To prove $AE$ bisects $\angle BAC$

Question

In the figure below, given that $DE\:$ bisects $\angle BDF$ and $FE\:$ bisects $\angle DFC$. Prove that $AE\:$ bisects $\angle BAC$.

My try: I dropped perpendiculars from $E$ to $DB$ and $FC$. But could not figure out.

Answer 1

Drop altitudes from E to AB, DF and AC, with respective feet X, Y and Z.

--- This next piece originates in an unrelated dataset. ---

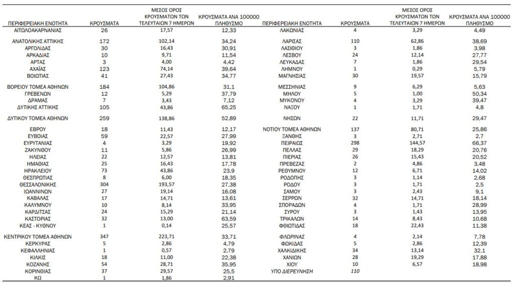 🔴 105 από τη Δυτική Αττική (76 χθες).
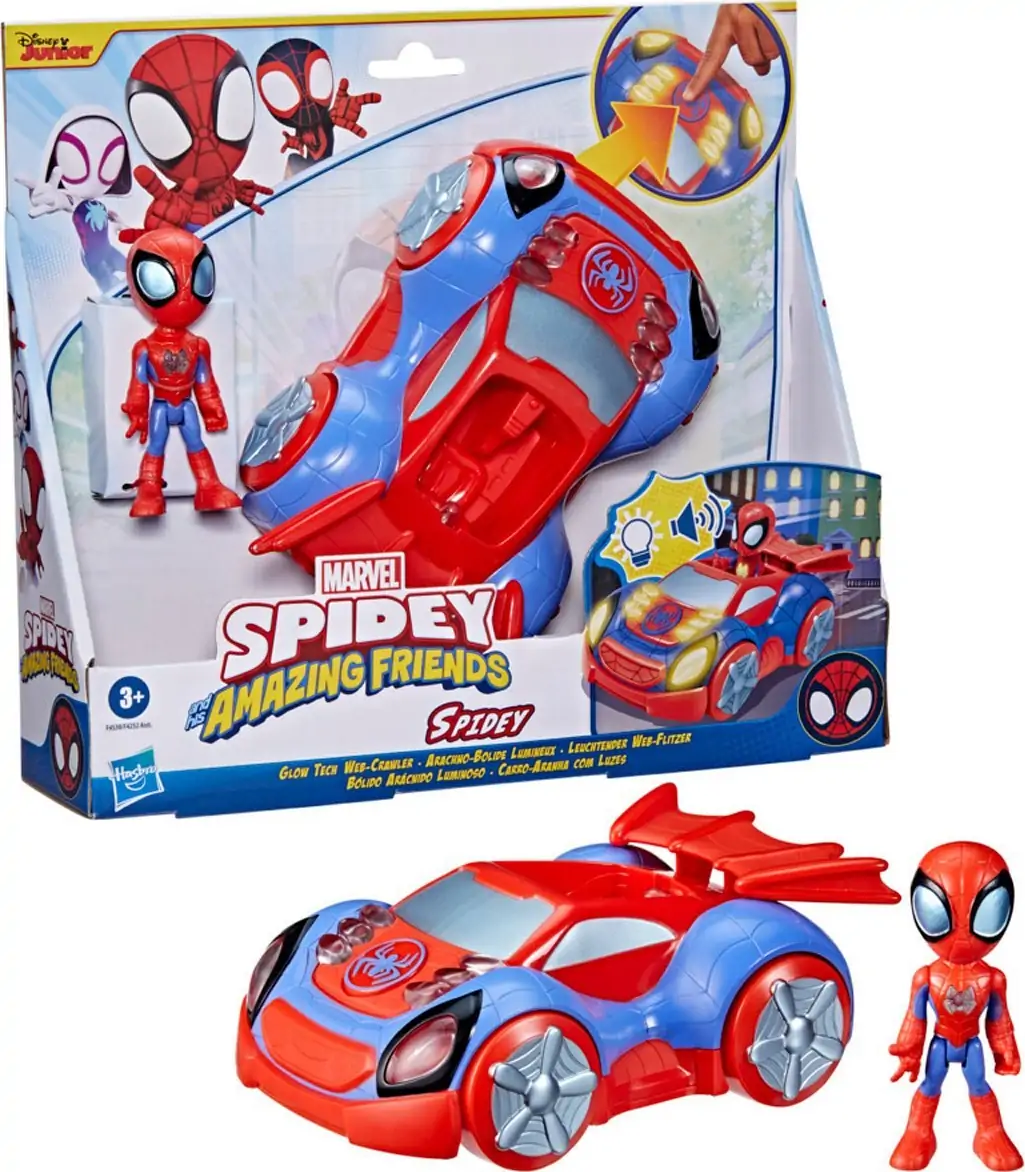 Bilen har fede lys- og lydeffekter, der gør legen endnu sjovere. Placér Spider-Man i sædet og figuren samt bilen vil lyse op.

The right triangles DXE and DYE are congruent; so are FYE and FZE, Thus, EX = EY = EZ and EXA and EZA are congruent, hence the angle bisector AE.

Answer 2

$E$ is an excentre of $\triangle ADF$ -- it is the centre of a circle tangent to all three sides, as $$\operatorname{dist}(E,\overline{AC})=\operatorname{dist}(E,\overline{DF})=\operatorname{dist}(E,\overline{AB}).$$

So automatically we get that $AE$ bisects $\angle DAF$.

Answer 3

Same answer as the others, but with different words:

The circle with center at $E$ that has $AB$ and $DF$ as tangents (which exists because $DE$ is a bisector) is necessarily the same as the circle that has center at $E$ with $AC$ and $DF$ as tangents.

Thus there is a circle centered at $E$ with both $AB$ and $AC$ as tangents, so $AE$ bisects the angle between those lines.